張伯堯感受著自己越來越好的身體,心情也好了許多,心中那殺死方遠的念頭也就暫且放下了。
至於和方遠說的這麽清楚,卻也不是他非要和敵人這麽坦坦蕩蕩。雖然他也可以冒認自己是“普天間”的人,但是“普天間”明顯又是一個不輸於任何家族的龐大勢力,以後被人知道了,張伯堯難免要兩面受敵。
既然可以預想到這樣的後果,張伯堯自然不會因為一時的事情就卷入到兩大勢力鬥爭的漩渦之中去。
方遠盯著他:“你這話說的有什麽意思?難道你否認就不是了?”
張伯堯看著他:“我有必要騙你嗎?”
方遠有些驚疑不定:“你難道真不是‘普天間’的人?”
張伯堯才要回答, 那當裁判的體育老師已經吆喝著小跑了過來:“你們剛才是……怎麽回事?”
他雖然也看見了剛才那一幕,但是終究有些懷疑是自己的幻覺,又或者只是巧合。
一個人跌出去幾米遠,他不是沒有見過,但是一拳打爆籃球,還把人手上的骨頭都打出來……是自己看錯了吧?又或者是籃球正好爆了,發生了巧合的事故?
張伯堯看向了方遠,方遠也知道不是說話的時候,點了一下頭,直接朝著外面走去。
“喂……你等一等……”那個體育老師說道。
“等什麽?我又不是你們學校的學生,管我?食屎呀你!”方遠捂著自己右手臂,帶著玩世不恭的笑容向外走去。
體育老師惱火地看著他:“小**?罵我?你全家都食屎!”
不過轉念一想,心內也輕松不少:幸好不是我們學校的學生受傷,這個小**就不用管他死活了。
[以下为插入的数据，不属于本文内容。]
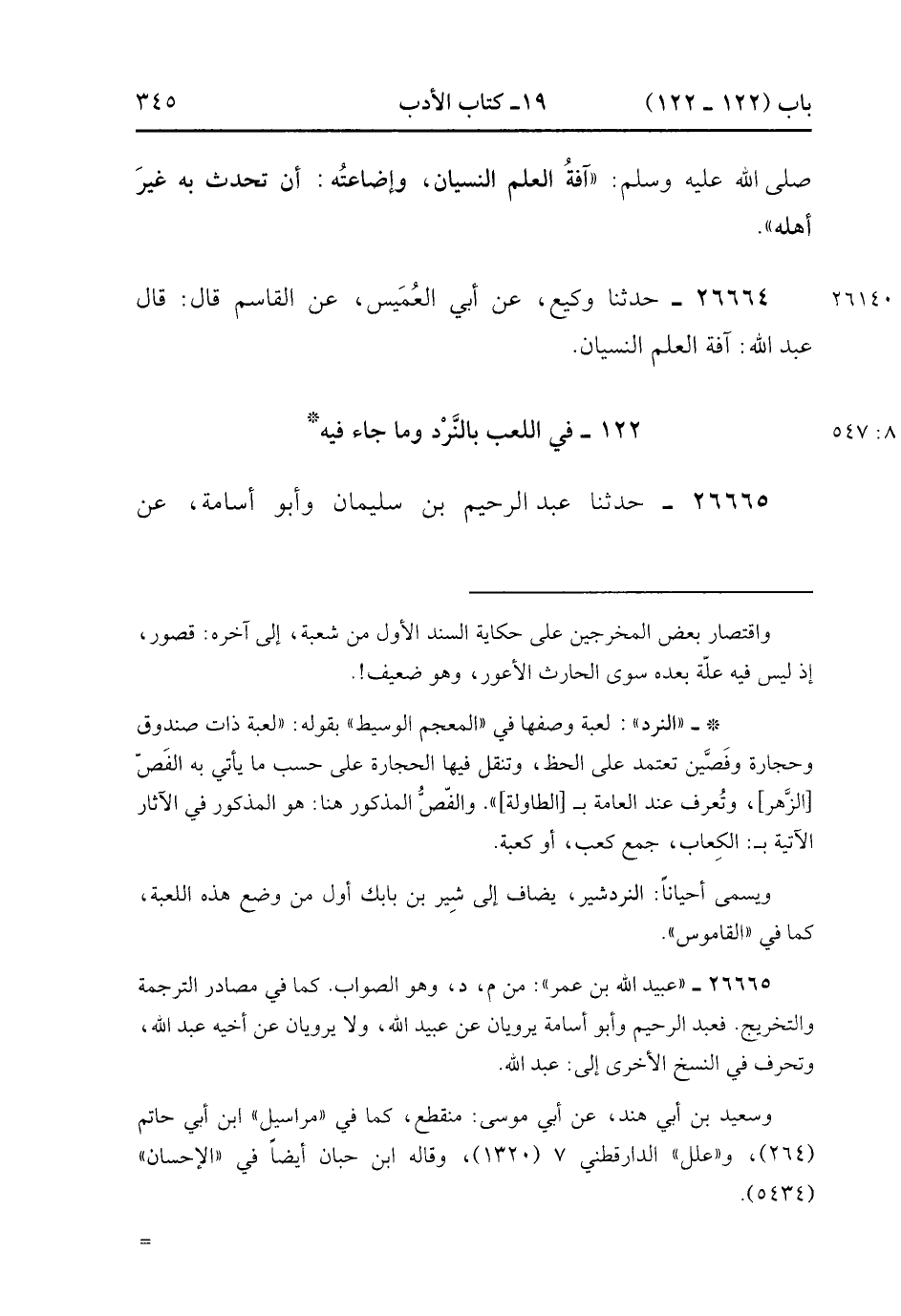 26664- حَدَّثَنَا وَكِيعٌ ، عَنْ أَبِي الْعُمَيْسِ ، عَنِ الْقَاسِمِ ، قَالَ : قَالَ عَبْدُ اللهِ : آفَةُ الْعِلْمِ النِّسْيَانُ. (8/546).
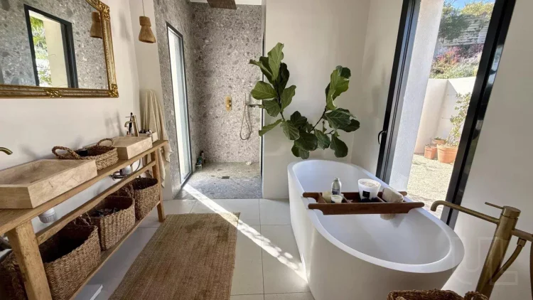 The villa features three bedrooms, including a spacious master suite with a dressing room and a private bathroom with shower, designed to provide the utmost privacy. The two additional bedrooms share a separate bathroom and offer functional, comfortable spaces that can be used for family, guests or as children’s rooms.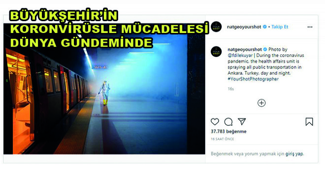 Koronavirüs salgınıyla mücadelede yaptığı çalışmalarla öncü olan Büyükşehir Belediyesinin Ankara Metrosu’nda dezenfeksiyon ve ilaçlama çalışmaları National Geographic Your Shot’un sayfasında yayınlandı.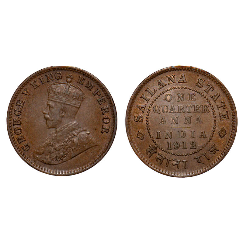 Sailana, Copper ¼ Anna, 4.86g, Jaswant Singh (1890-1919 AD), 1912 AD, bust of George V on obv. KM 16. Toned About Uncirculated, Scarce.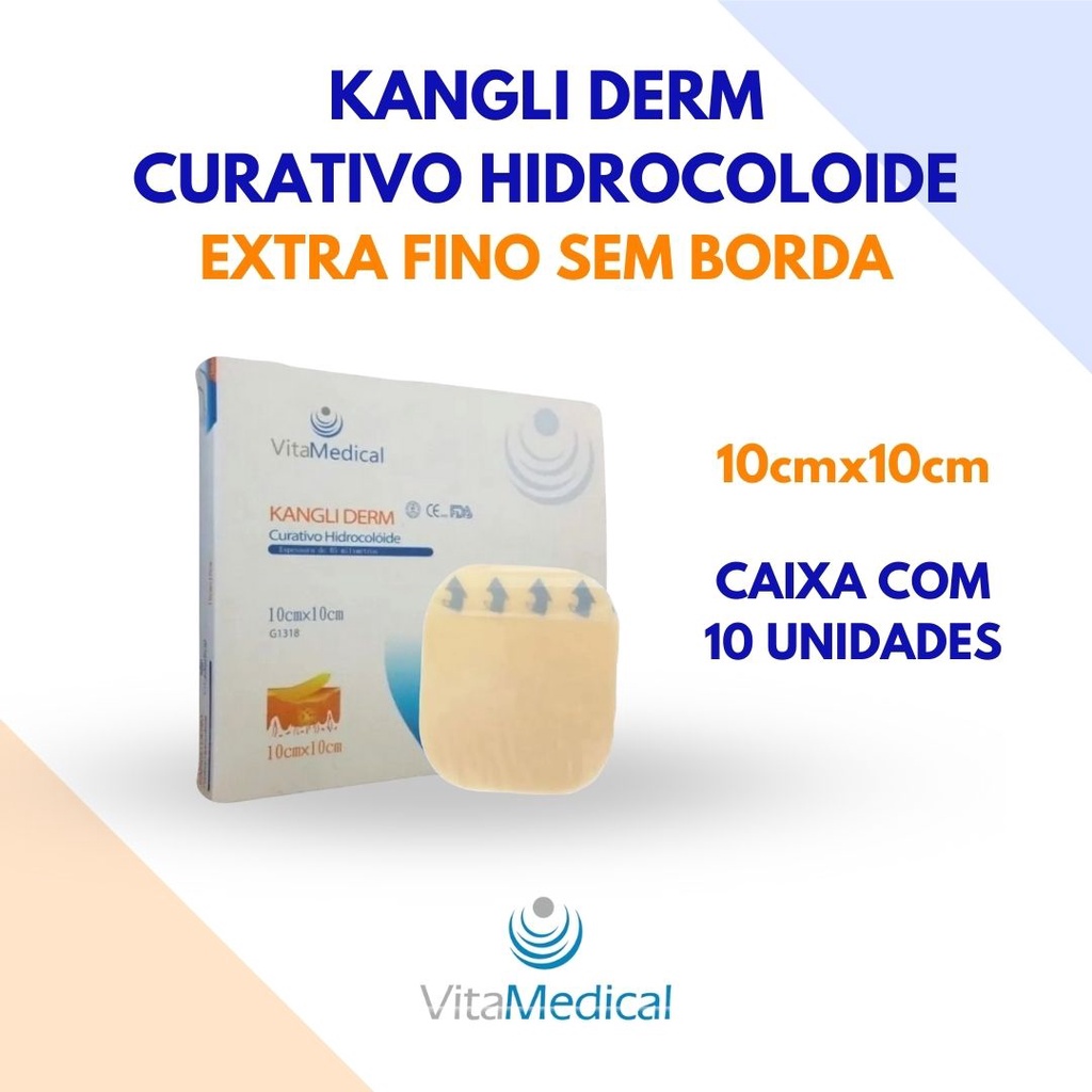 KANGLI DERM - CURATIVO HIDROCOLOIDE EXTRA FINO SEM BORDA 10cm X 10cm (CAIXA COM 10 UNIDADES)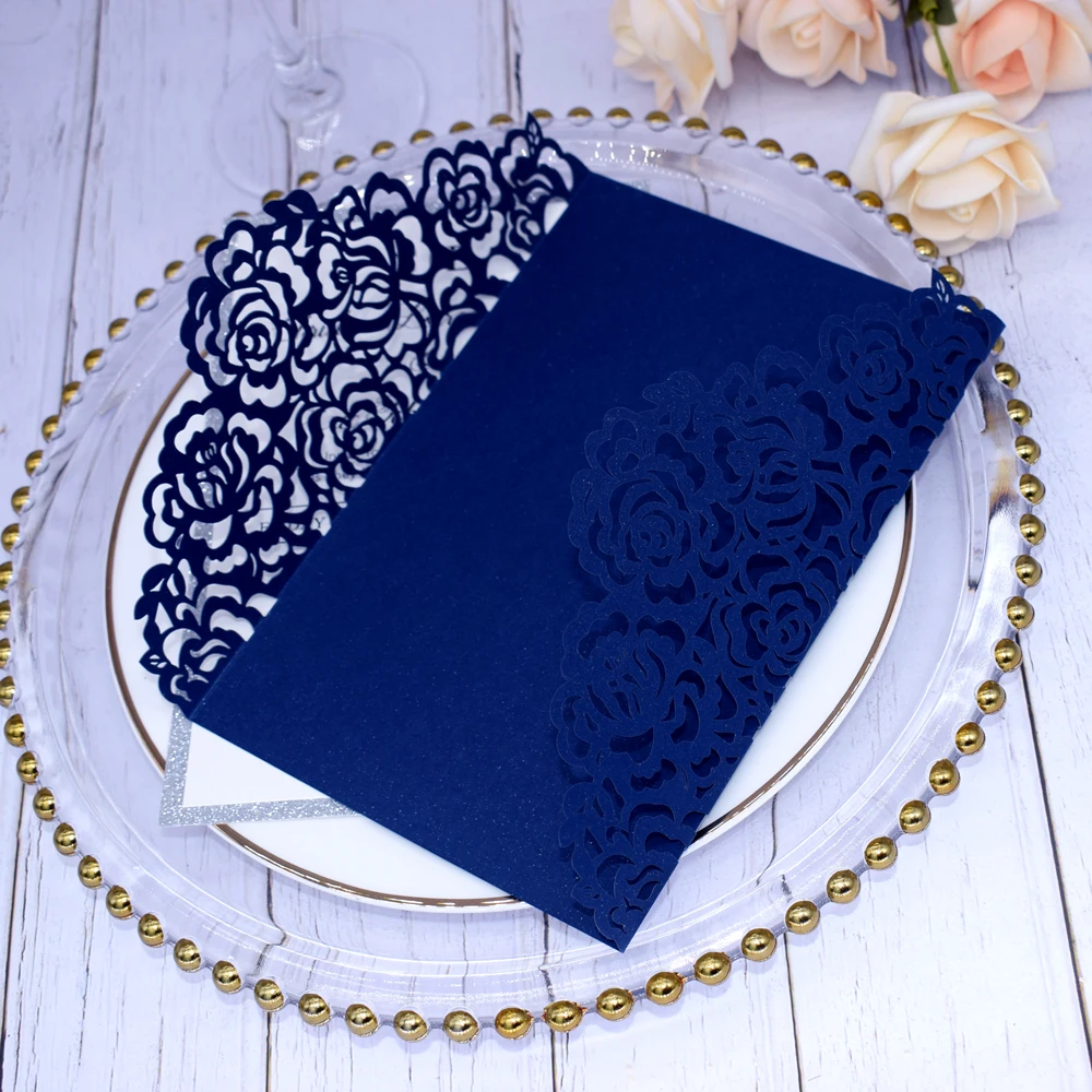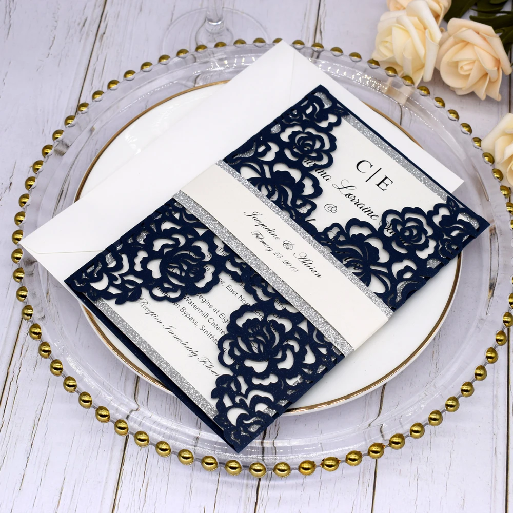 50 шт. Темно-Синий Серебряный Блестящий низ роза цветочные свадебные приглашения с лентой для живота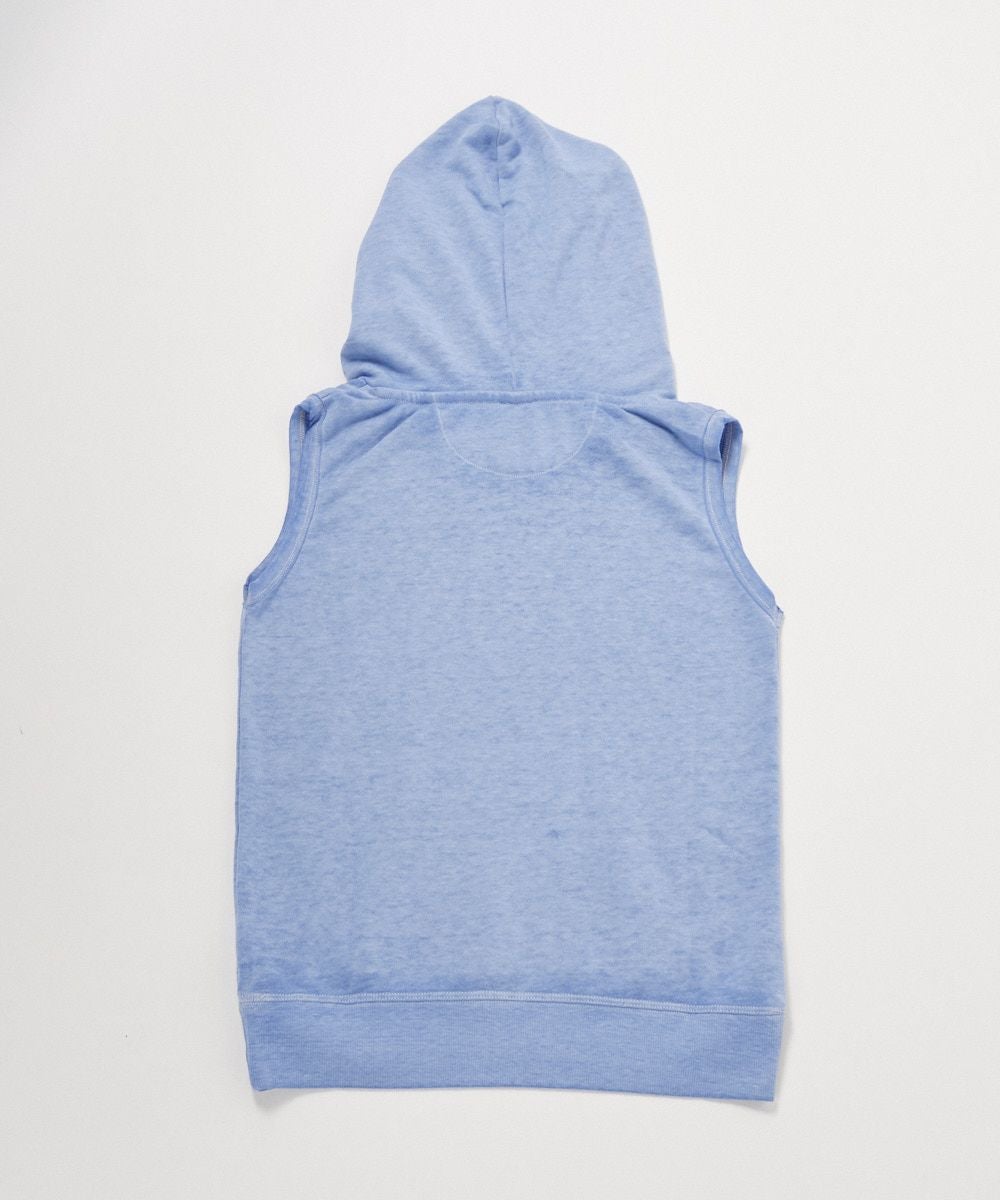 淡いカラーがポイントの子供用袖なしフード付きパーカーです。シンプルデザインにベーシックカラーで何にでも合わせやすい仕様。スカートやデニムなど少し細身のボトムスに合わせるとオシャレ。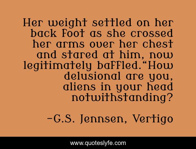 This page presents the quote "Her weight settled on her back foot as she crossed her arms over her chest and stared at him, now legitimately baffled.“How delusional are you, aliens in your head notwithstanding?". Author of this quote is G.S. Jennsen, Vertigo. This quote is about alien-invasion, space-opera, adventure, science-fiction,.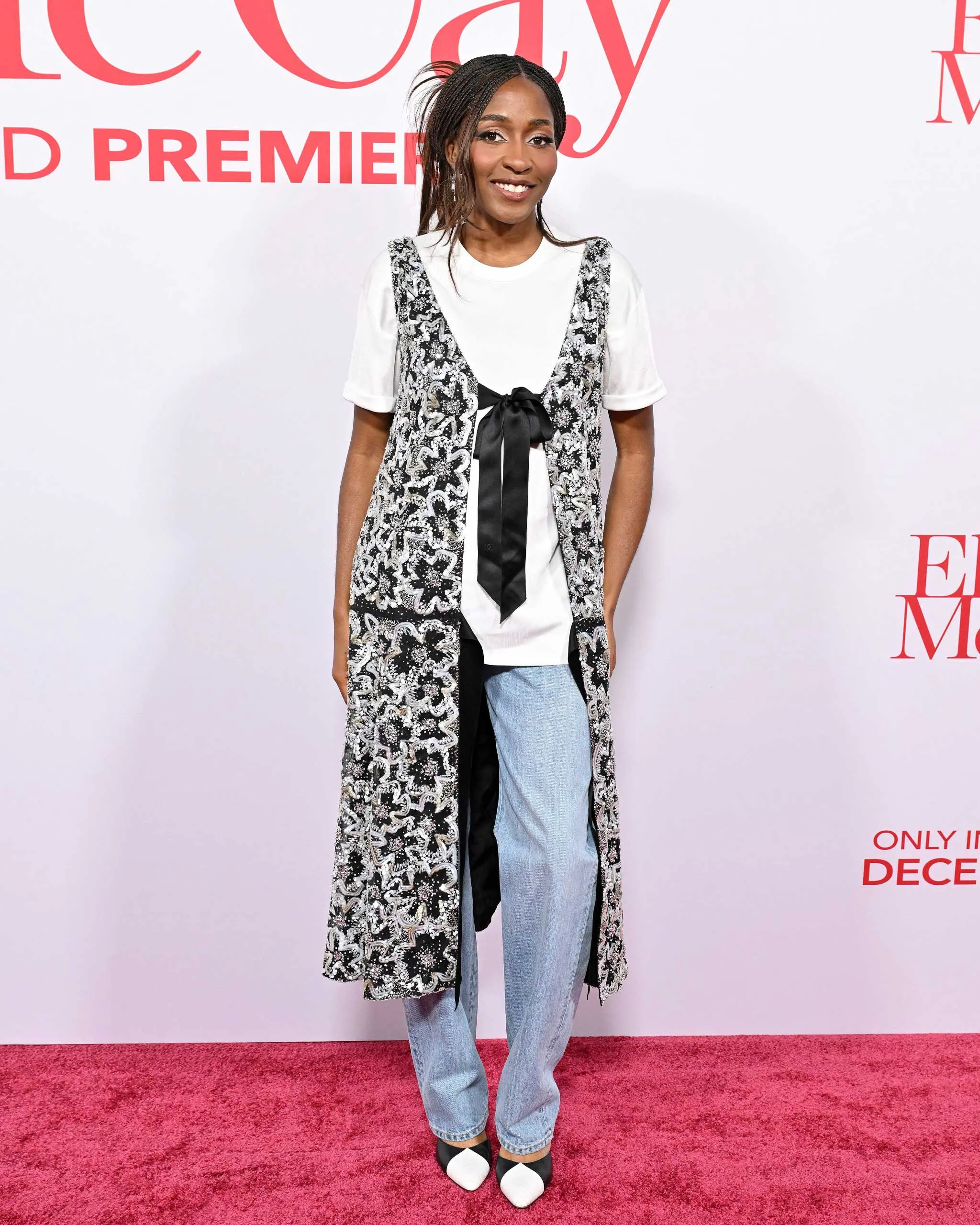 This month, we got two different takes on the trend. For the Los Angeles premiere of Ella McCay, star Ayo Edebiri wore a long, embroidered vest over a classic white tee and jeans, all from Chanel’s pre-fall collection. Was it actually a dress over jeans? No—but the layered silhouettes felt in the same spirit.
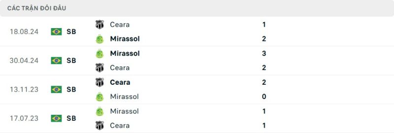 Thống kê phong độ gần đây Ceará vs Mirassol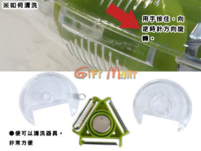 尺寸:10x9x2 cm顏色:綠色刀片功能:削皮刀x1、刨絲刀x1、削軟皮刀x1、挖坑器x1材質:食品級塑料、不鏽鋼刀片包裝:彩盒產地:台灣製造使用說明:1.本體頂部金屬輪殼,按下標記處,處於直立狀、扳動並旋轉刀架轉換角度,即可自由旋轉任何一個規格的刀片。2.使用後,如需清洗本體,只要將上下外殼旋轉打開,就可以拆卸刀架,用水沖洗或用洗碗機。

看了一下四周圍觀的學生,體育老師叫道:“還有沒有願意上來的……”
“老師,不用比了,我們認輸。”沉寂了好一會兒的李默舉起了手來說道。
體育老師有些詫異,不過想想這場比賽已經見了血,拚搶的也太過激烈,再打下去未必是好事,也順勢答應下來。
吹了一聲哨子,比賽就此結束。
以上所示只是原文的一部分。